Castle Gay is one of my Top Five Favourite John Buchan Novels. * I love it for its sunny, cheerful attitude, the thorough modernity of its characters and its theme, and for the glorious Scottish country walking and slithering around in ditches. It has some of the best disguise episodes in all of Buchan’s fiction, and solves a troubling question of intruder etiquette by the butler offering them a wastepaper basket for their revolvers. It is also a cracking good newspaper novel, because it draws on Buchan’s detailed, first-hand knowledge of the power of British press barons in the early twentieth century.
It is the late 1920s in Scotland. Thomas Carlyle Craw is a national newspaper proprietor and a celebrated pundit and columnist. His writing is half-baked, anodyne, pompous and opinionated, and utterly confident in the rightness of his views insomuch as they will sell his newspapers. He takes a political stance when he feels sure that he will not be held to account for it. He is also rather shy and unconfident among strangers, painfully aware that his speaking voice is an unctuous squeak, and he has never really had much experience with people. He employs staff, but he has no family or friends. He stays hidden behind his armoury of publications, that range from the scrappy penny weekly to august journals that come out at ponderous intervals. He sends editors to meet the politicians desirous of his opinions and advice, and he lives and works in a bubble. Castle Gay in south-west Scotland is his favourite retreat, which he rents from Lord Rhynns, and fancies himself secure among baronial trappings.

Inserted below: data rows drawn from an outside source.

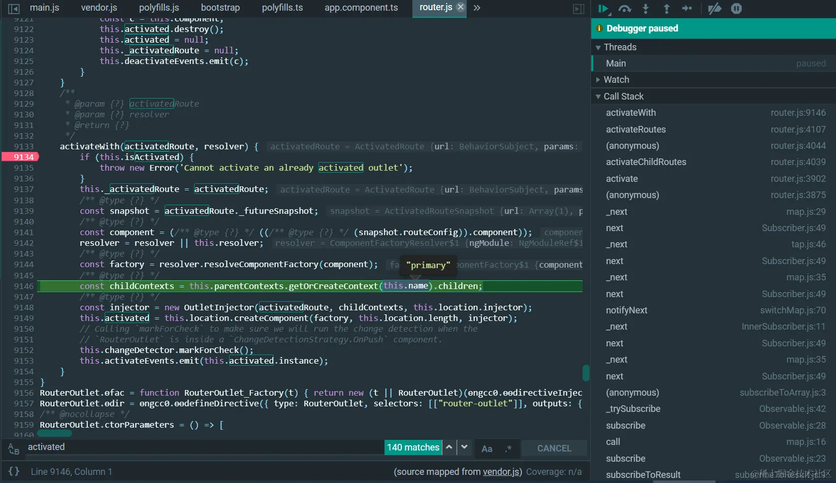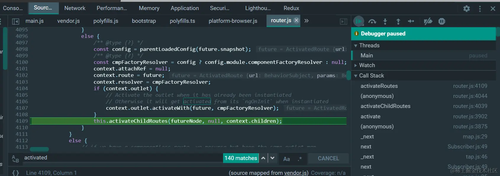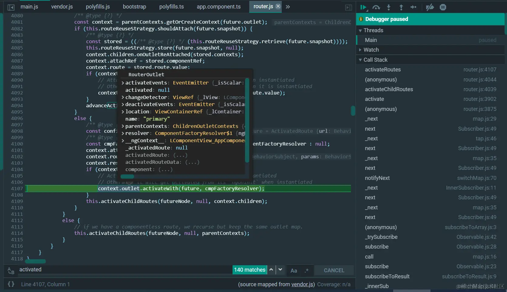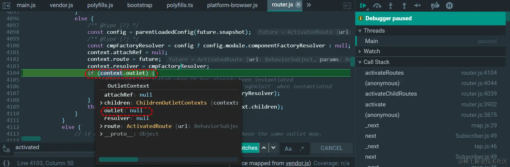 为什么Angular的路由执行离不开router-outlet标签 已注销 2021-04-26 74 阅读1分钟 做一个实验,如果把第53行包含router-outlet的代码注释掉: 则在运行时,context.outlet为null: 如此一来,没有机会执行第4107行的代码了: context.outlet.activatedWith(future, cmpFactoryResolver); RouterOutlet里包含的有用信息: 整个这段代码都是在router-outlet的实现上下文里执行的。 更多Jerry的原创文章,尽在:“汪子熙”: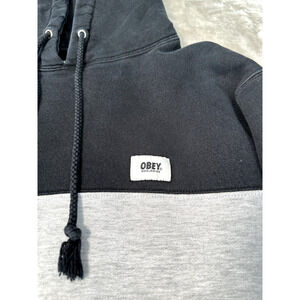 Obey Pullover Hoodie Sweatshirt Black Gray Skating Punk Mens Size L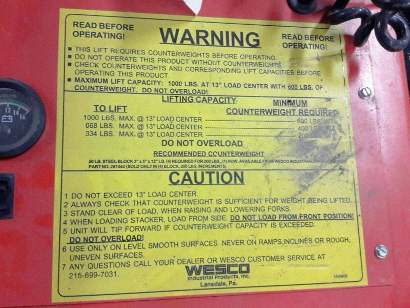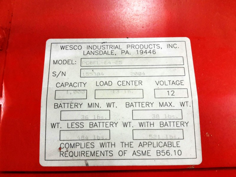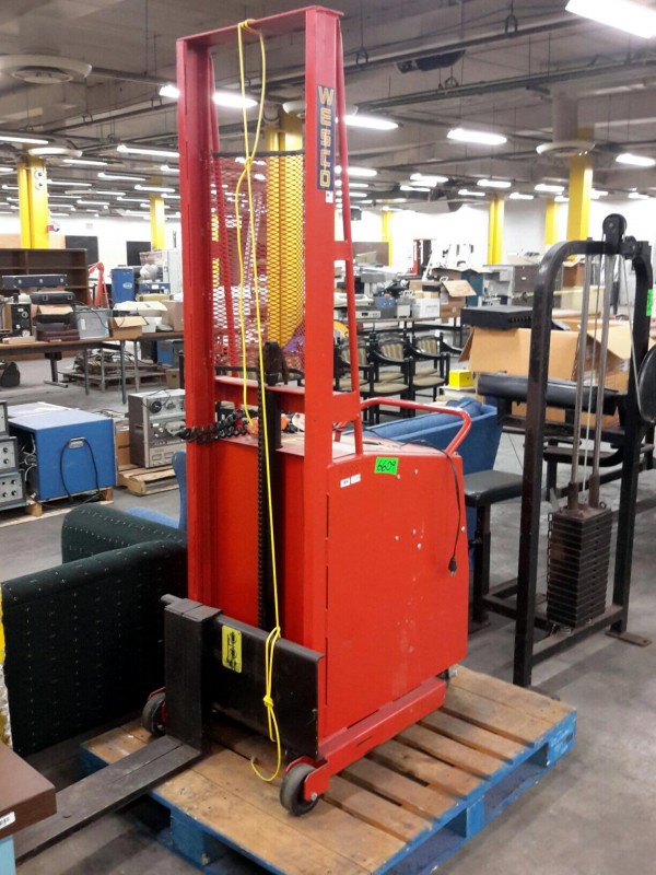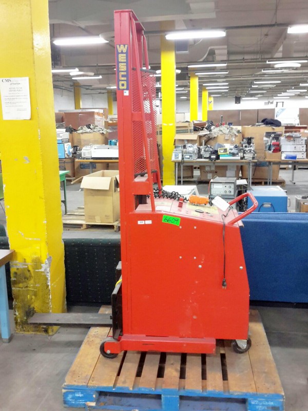 Description: 1 each Wesco model PCBFL-64-25 counter balanced power stacker. This unit is missing the key.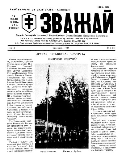 «Зважай», беларускі штоквартальны часопіс. Заснаваны ў 1974 у Таронта Аб'яднаньнем Беларускіх Вэтэранаў, існаваў да 1998. Рэдактар — К. Акула. Друкаваў матар'ялы зь беларускае гісторыі, пытаньняў вайсковае гісторыі Беларусі, мэмуары, літаратурныя творы. Асьвятляў падзеі ў Беларусі, эмігранцкае жыцьцё. More »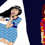 新作の挿絵習作 。 相方の過剰なアドリブになすすべのないともえちゃん。でも、誘ったのは自分だからしかたありません。 #イラスト #絵描き #ファッションイラスト #挿絵 #illustration #artistonTwitter #character #アナログイラスト #キャラクター画 #昭和レトロ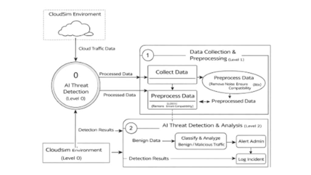 The Data Flow Diagram (DFD) depicts the movement of data within the proposed Ai based threat detection system, illustrating how input data is processed to generate actionable security outputs. It provides a clear view of interactions between cloud simulation, AI analysis, and reporting components.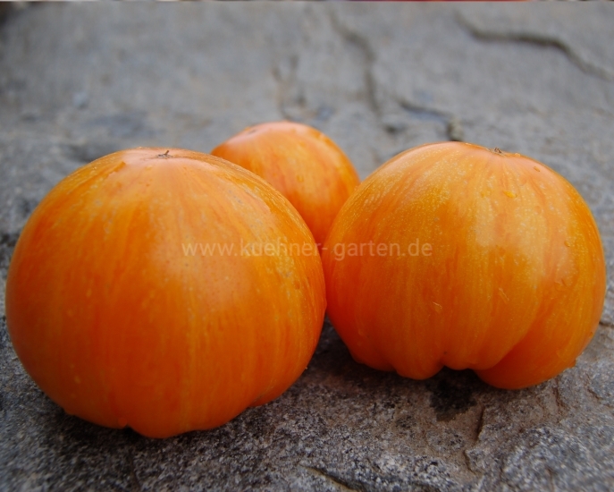 Früchte: orange mit gelben Streifen, herzförmig oder flachrund, leicht gerippt, süß, fruchtiger Geschmack
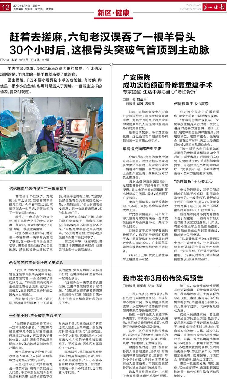 日前,定海的黄女士在舟山广安医院接受了颌面骨修复重建手术,为其主刀的是上海交大医学院附属第九人民医院口腔颌面外科的史俊教授。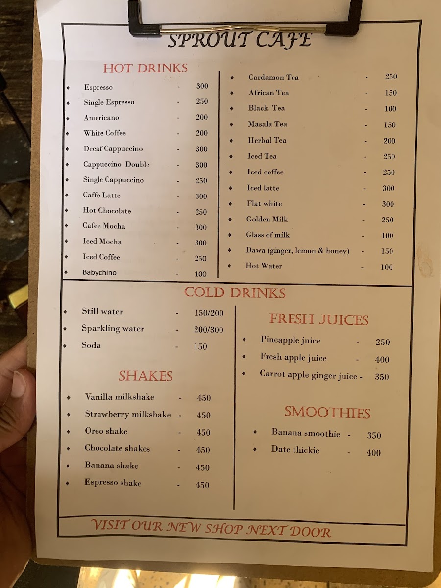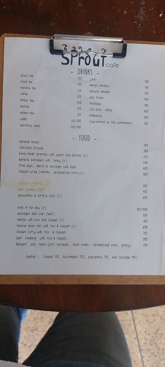 Sprout Cafe Sagana Menu

All this is poor preparation for the accident of identity that brings Craw to Kirkmichael railway station en route to the castle. Instead of being met by his own driver, he is suddenly grabbed from behind, smothered in a bag, and bundled into a car. On being deposited in a lonely but warm and comfortable cottage for safe-keeping, his horrified kidnappers realise that he is not, in fact, the rival candidate for a student election they’d intended to keep out of the way at Mrs Catterick’s house to the benefit of their own. They disappear from the plot, and the surprised but hospitable Mrs Catterick has a furious newspaper magnate on her hands. Trouble is, he has no money, the wrong clothes and footwear for Scottish moorland, and devoutly wishes to be kept out of rival newspapers’ notice, because of all things, Mr Craw’s dignity must be kept intact. The rival newspapers are all, very unfortunately, in the area, since there is a contentious by-election taking place in Castle Gay’s constituency, so even getting to his safe house is going to be tricky, or so Mr Craw’s paranoia believes.
Enter two of Buchan’s new generation of heroes, both doing well after an unfortunate beginning in the Glasgow slums: the Socialist and Craw journalist Dougal, and Jaikie the Cambridge undergraduate and rugby international. They try to rescue Mr Craw by taking him on a long walk through the hills to attempt to reach the castle, but then a further complication ensues. The Evallonian Monarchists are in town, and so are the Evallonian Republicans, both determined to see Mr Craw and demand his support in their country’s political struggles, since he has pontificated loudly and for a long time on their politics in his columns. Buchan updated Ruritania to create the proto-Fascist state of Evallonia, teetering between its ancient monarchy and a new, upstart Republicanism seething with Communists. Mr raw is petrified even more: now he has to dodge the rival newspapers and the crazy foreigners, who include a real prince. He’s caught a cold, and has been scared by a drunken man on the road who wants to sell him a scruffy dog (Jaikie bought the dog), and he is very, very far from his comfort zone. Mr Craw is also showing no signs of the leadership, decisiveness and command that he normally displays in his proper place. He has to be shown the way to find his self-respect again, to outface the intruders, and to deal decisively with the infestation of newspaper journalists whom he does not employ. Jaikie and Dougal do this, along with the Honourable Miss Alison Westwater, a resourceful tree-climbing daughter of the castle who is Buchan’s most successful female character (he was usually catastrophically bad at writing women). The dog, a nice little Sealyham, is named Woolworth, and Mr Craw recovers his courage with the help of a masked ball and Bonnie Prince Charlie.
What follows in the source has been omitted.